Sunday, July 12, 2015

The root of all...

So Natalie was just recounting to us her experience her first week at Duke TIP, where she's taking Criminal Trial Advocacy, and she told us that she had won best in the class for some argument they presented, even though many of the kids in there are older than her and have copies of the Declaration of Independence and/or the amendments to the Constitution posted above their beds.  She also said that nobody's arguments had been particularly water-tight, including her own which she considered rather half-baked.

And within me I felt swell up at the same time tremendous pride, and deep below that a sense of relief that "my child will be OK."

This, I submit, is at the root of the hyper-competitiveness for our children to achieve at the absolute highest level, to get into Ivy League schools and then keep going, it is this fear that if they don't, they will not be OK later in life, that they will be subsumed within the wave of global competition and automation and shifts in the competitive landscape (you should hear doctors talk about the projected impact of Obamacare on their earnings prospects going forward) that continues to eat up once seemingly safe white-collar professions.

I don't think this is a new insight on my part, but I felt it pretty viscerally just then.

But the idea that my daughter-- super-smart, born into a family and place that prioritizes education and with other socio-economic advantages -- is at particular risk is, well, silly.  Compared to kids from truly at risk populations?

But we, members of the chattering class, are nonetheless driven by a deep-seated need to protect our littluns.  And, lord knows, we do.  We wear ourselves to the nib driving them to activities and paying for enrichment opportunities. We advocate for gifted programs in already high-achieving school systems.    And then we wonder why there is an achievement gap and blame the school system.

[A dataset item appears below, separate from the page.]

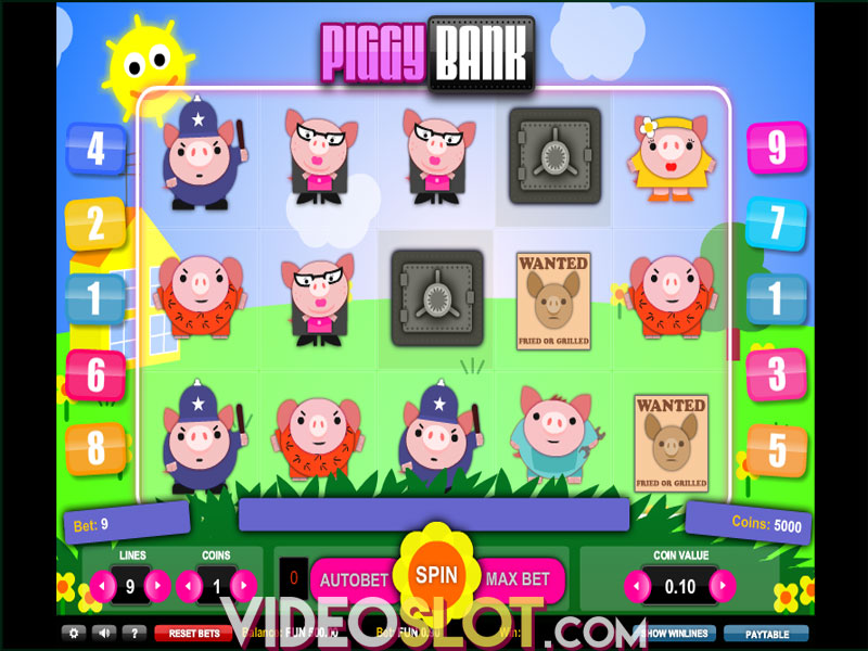 Piggy Bank is a 1x2 Gaming title from 2015 which makes sure that players have a lot of fun while at the same time scooping up some handsome prizes. Though the gameplay is fairly simple, you can take advantage from Wild Substitutions and a Free Spins Round played with a theoretical Return to Player set at a solid 95.69%. A cartoon-like design, some basic animations and a relaxing soundtrack will take you to an idyllic countryside where mischievous piglets await you to help them rob the bank.

Anyway, today on the phone I did what I considered the most important thing for my daughter: I encouraged her to not be hard on herself for any imperfections in her legal arguments, because she had done great.  And when she said that she had been fighting a little cold and hadn't been running in the mornings as she had planned (because she wants to stay in shape for an ultimate tournament she has the day the summer school ends), I told her to rest, hydrate, and have fun and don't beat herself up.

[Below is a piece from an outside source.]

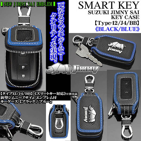 タイプ12・J4/BB/スズキ新型ジムニー/ロゴ+サイ/エンブレム付キーケース/ブラック・ブルー/キーホルダー/窓付/スマートキー/ブラガ

Because, lord knows, I am all too good at that, and that's what I don't want her to learn to do.

1 comment:

K said...

This is such an interesting post. I'm writing a book about unschooling and recently struck the phrase "hyper competitive." I'm going to put it back in right now.

My father recently divorced a person who is wealthy at the top 1% level. This person's deepest fear is poverty. So naturally, they live a life of poverty. Down to clutching at every penny and every single piece of paper. I'm speaking literally about the pieces of paper---every single one. Their fear is far greater than their wealth. I know families on the poverty line who live richer in the most important ways. The covetousness and sense of competition that rolls off this person is so sad and, given the reality of actual poverty and living in competition against the poor, obscene. If you consider poverty of spirit, its possible to feel compassion...

No amount of money or educational status can insulate us from fear and pain. How can we grow intelligent kind courageous successful children in the face of that truth? That's partly what my book is about. What I love about this post is that I know you to be thoughtful kind and courageous and raising awesome kids. And I try. So we are working at opposite ends of the educational spectrum toward the same goal. That's nice and a balancing kind of thought to begin the day.